In un libro destinato a suscitare scalpore e polemiche in Israele, la figlia dello scrittore Amos Oz ha accusato il padre, morto nel 2018, di essere stato violento nei suoi confronti fino agli ultimi giorni di vita. Nella autobiografia appena uscita in ebraico dal titolo "Qualcosa travestito da amore", Galia Oz denuncia un rapporto difficile con il padre, nume tutelare della letteratura israeliana e icona progressista.

"Nella mia infanzia - prende avvio il libro - mio padre mi ha picchiato, imprecato contro e umiliata. La violenza è stata creativa: mi ha trascinato fuori casa e mi ha cacciato via. Mi ha chiamato schifezza. Non una passeggera perdita di controllo e non uno schiaffo in faccia qui e lì, ma una routine di sadico abuso".

"Il mio crimine - ha aggiunto Galia, scrittrice di libri per bambini anche lei di successo - ero io stessa, così la punizione non ha avuto fine. Doveva essere sicuro che mi sarei dovuta spezzare".

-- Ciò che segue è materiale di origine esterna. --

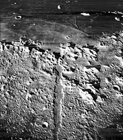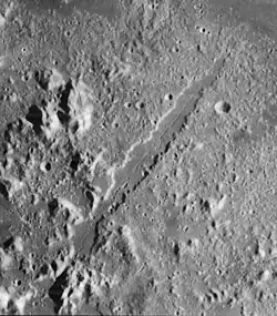 Vallis Alpes (Latin for "Alpine Valley")[2] is a lunar valley feature that bisects the Montes Alpes range. It extends 166 km from the Mare Imbrium basin, trending east-northeast to the edge of the Mare Frigoris. The valley is narrow at both ends and widens to a maximum width of about 10 km along the middle stretch. The selenographic coordinates of the center of this feature are 49°13′N 3°38′E / 49.21°N 3.63°E.[2]
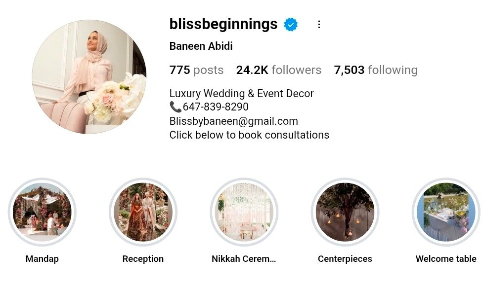 Bliss Beginnings, led by Baneen, combines wedding planning with high-end floral and decor services.
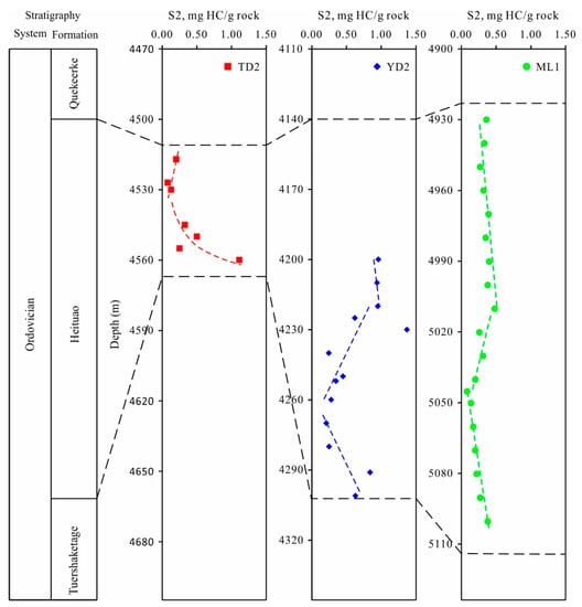Vertical trends of the S2 content of different wells (TD2, YD2, and ML1) from Heituao shale samples in Tadong low uplift.
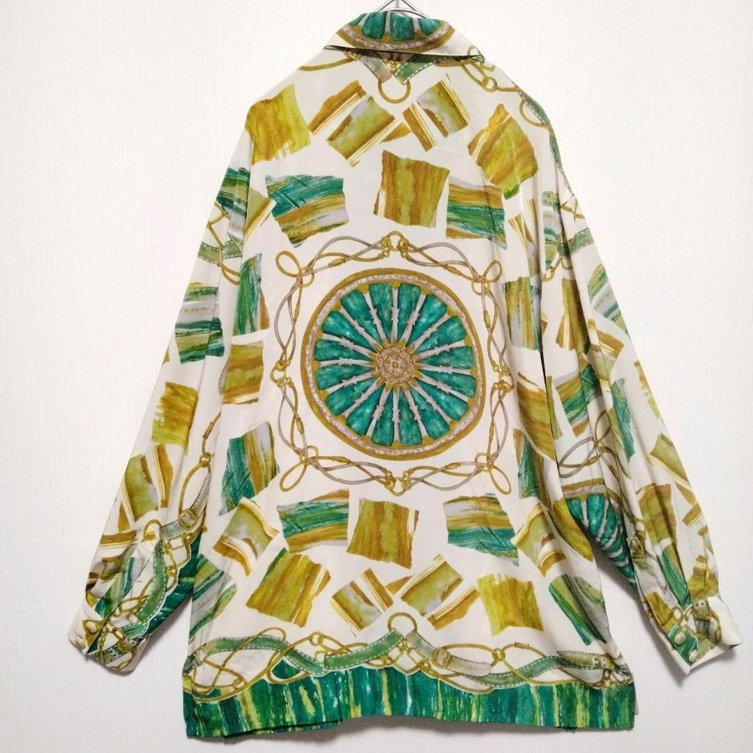 - レトロシャツ ヴィンテージ ベルト チェーン柄 スカーフ柄 グリーン 古着 長袖
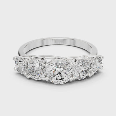 From MUUR Fine, this five-stone anniversary ring showcases a graduated row of round brilliant diamonds in open collet baskets that lift light through each facet. A 6.0 mm center (~0.85 ct) is framed by 5.0 mm and 4.0 mm side stones for balanced sparkle across the finger. Petite claw prongs secure every stone while keeping the silhouette airy. The tapered, half-round shank sits comfortably for daily wear and finishes in a luminous high polish. Crafted in 14K yellow gold with optional 18K or platinum, this design is engineered for longevity with a refined under-gallery and smooth shoulders. Choose lab-grown diamonds for an ethical, traceable choice or select natural diamonds to your preferred color and clarity—each ring is made to order by MUUR Fine artisans for an impeccable fit and finish.
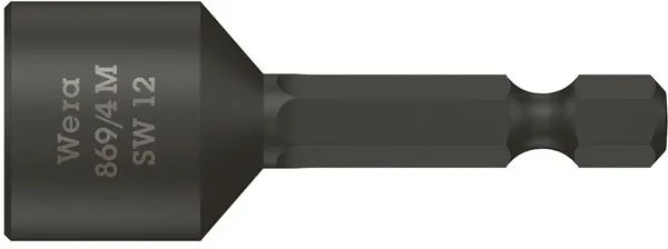 ×869-4 M. For hex bolts and nuts. Compatible with 1/4" drive DIN ISO 1173-F 6.3 bit holders. Magnetic. Overall length 50mm. Size: 12mm.

Un ritratto respinto dal resto della famiglia Oz: la vedova dell'autore Nili e gli altri suoi due figli - Fania e Daniel - hanno contestato con forza quanto sostenuto da Galia. "Abbiamo conosciuto - hanno scritto in un comunicato congiunto - un padre diverso: un caldo, amorevole, attento genitore che ha amato la sua famiglia".